Страница 19 из 135
Посевная затягивалась. Неимоверно долго сеяли овсы и горох; с трудом подготовили несколько гектаров пашни под картофель и овощи, — и то благодаря только юному бригадиру Леониду Андреичу, в руках которого машина вела себя без особых капризов, да Тихону Козыреву, до удивления быстро научившемуся водить трактор. Эти двое несли на себе главную тяжесть весенней вспашки. Друг Козырева — Бровкин — за дело тракториста и не брался. Он обычно шагал за плугом по борозде и, если случалась заминка, помогал товарищу ее устранять. Он был как бы участковым механиком.
Время шло. Козыреву и Бровкину, которым Лукомцев уже один раз продлил срок пребывания в колхозе на неделю, пора было возвращаться в дивизию.
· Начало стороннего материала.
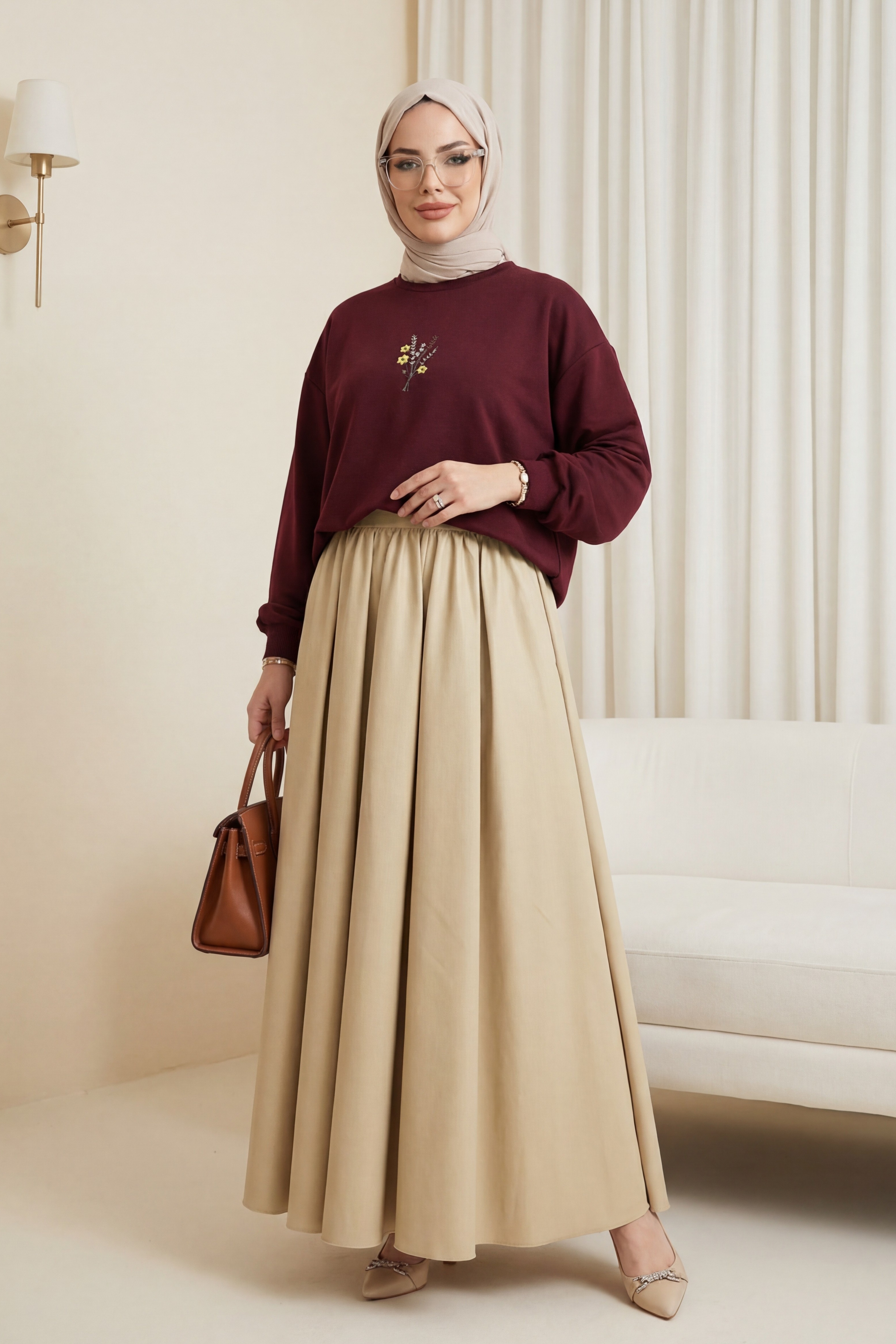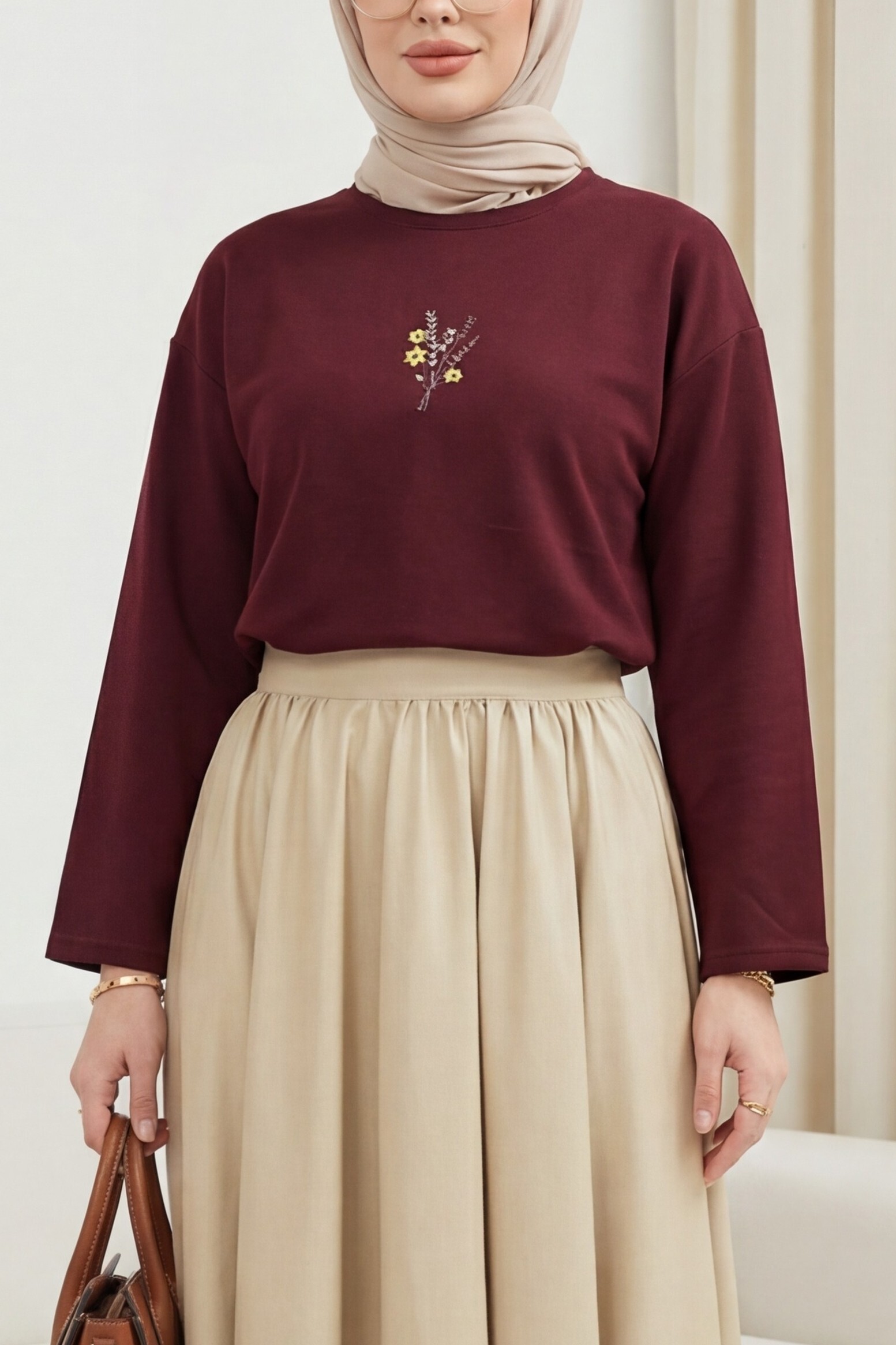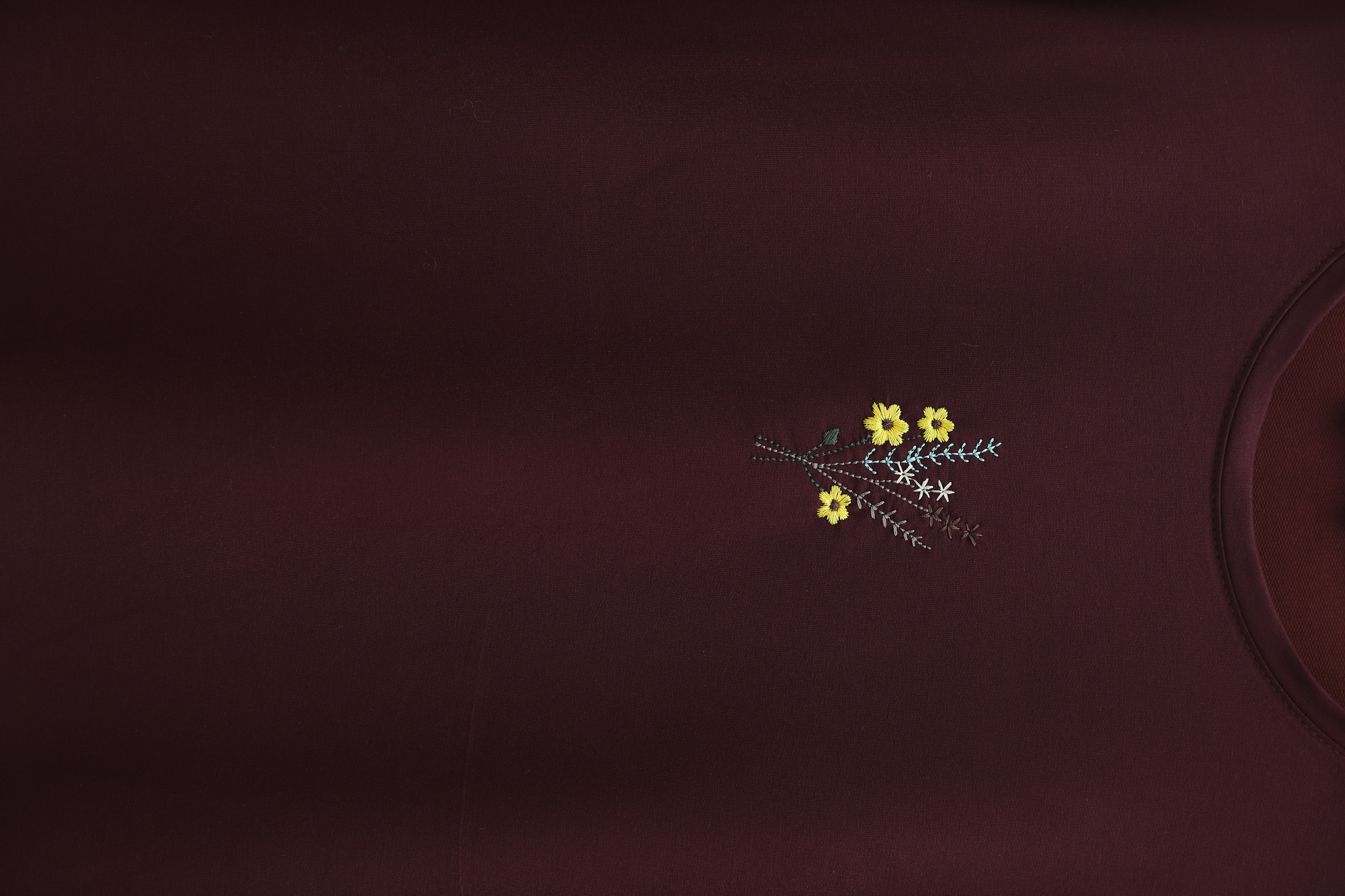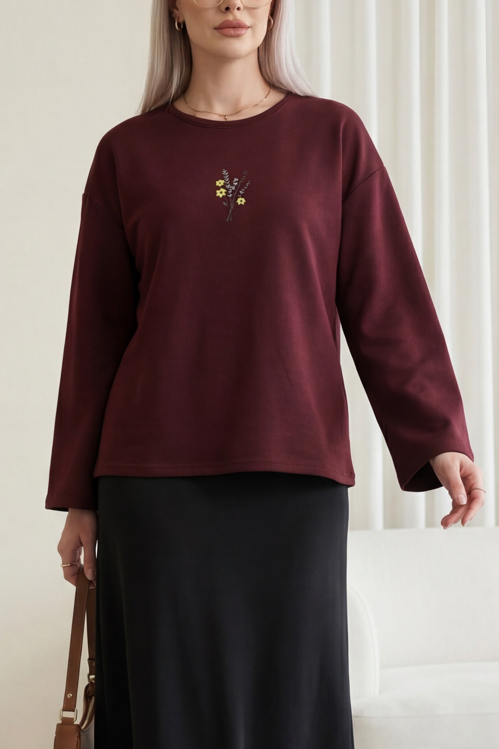 Round Neck Loose Fit Jersey Blouse with Floral Embroidery on the Front -Maroon
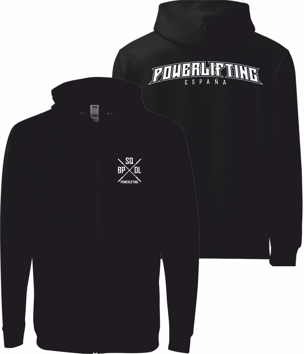 Sudadera negra con bolsillos, cremallera y capucha, diseñada para el día a día del Powerlifter dentro y fuera del gimnasio. Funcional, sobria y con identidad clara.
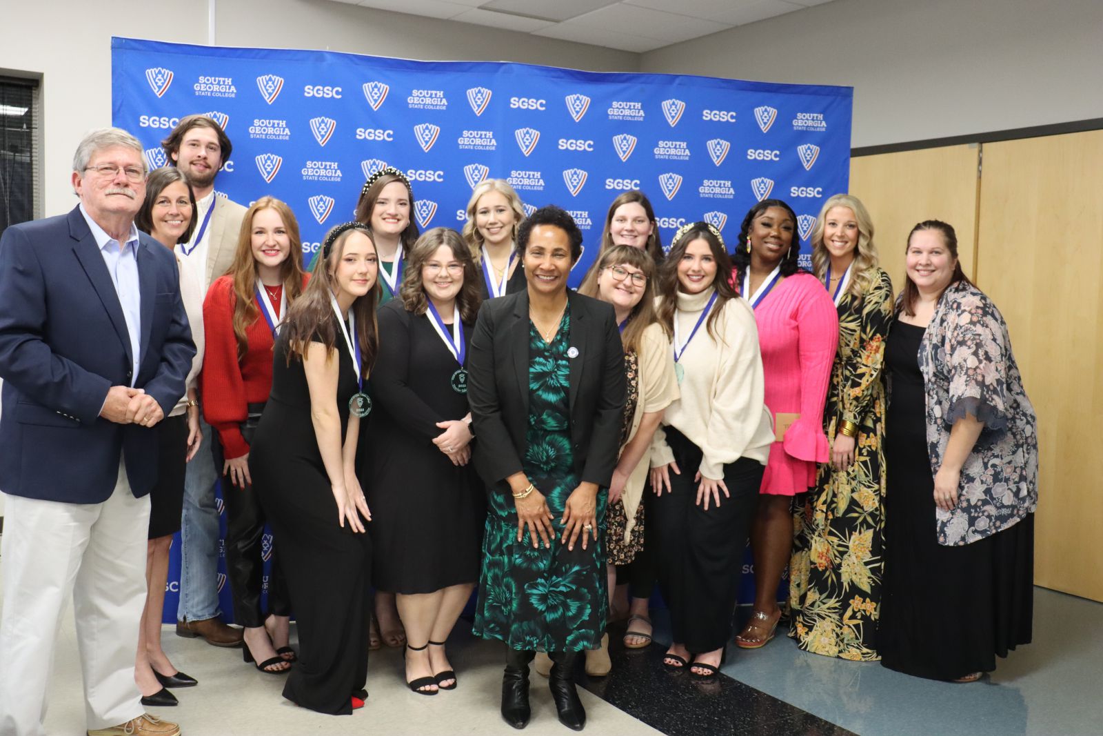 Dr. Kit Carson, chair of teacher education program; Amy Fitzgerald, assistant professor of education and field placement supervisor; Adam Solomon (Douglas, GA); Jordan Smith (Adel, GA); Autumn McLoughlin (Wray, GA); Hannah Pridgen (Douglas, GA); Alexis Spangler (Douglas, GA); Hope Lewis (Alma, GA); Dr. Ingrid Thompson-Sellers, SGSC president; Nicole Rigdon (Hazlehurst, GA); Cassandra Osorio (Uvalda, GA); Elizabeth Merritt (Douglas, GA); Samaria Wright (Douglas, GA); Marlee Colson (Hazlehurst, GA); and Niki Hersey, assistant professor of education and field placement supervisor.

Цымбал снова должен был задумываться, где же искать мало–мальски опытных трактористов… И снова, на помощь ему пришел Долинин. Секретарь райкома отправил на пахоту шоферов — своего Ползункова и пресниковского Казанкова.
Ползункова Долинин отправил в МТС в порядке наказания. И было за что его наказывать. Директор кирпичного завода рассказал на днях Долинину о том, что с осени хранит немного картофеля на семена. Долинин поинтересовался, много ли у него таких запасов; оказалось, что очень мало; и еще выяснилось, что Ползунков, дважды приходил зимой на завод и брал там то пять, то шесть килограммов картошки. «Ну как не дать? — сказал директор. — Как–никак, ваш шофер, Яков Филиппович…»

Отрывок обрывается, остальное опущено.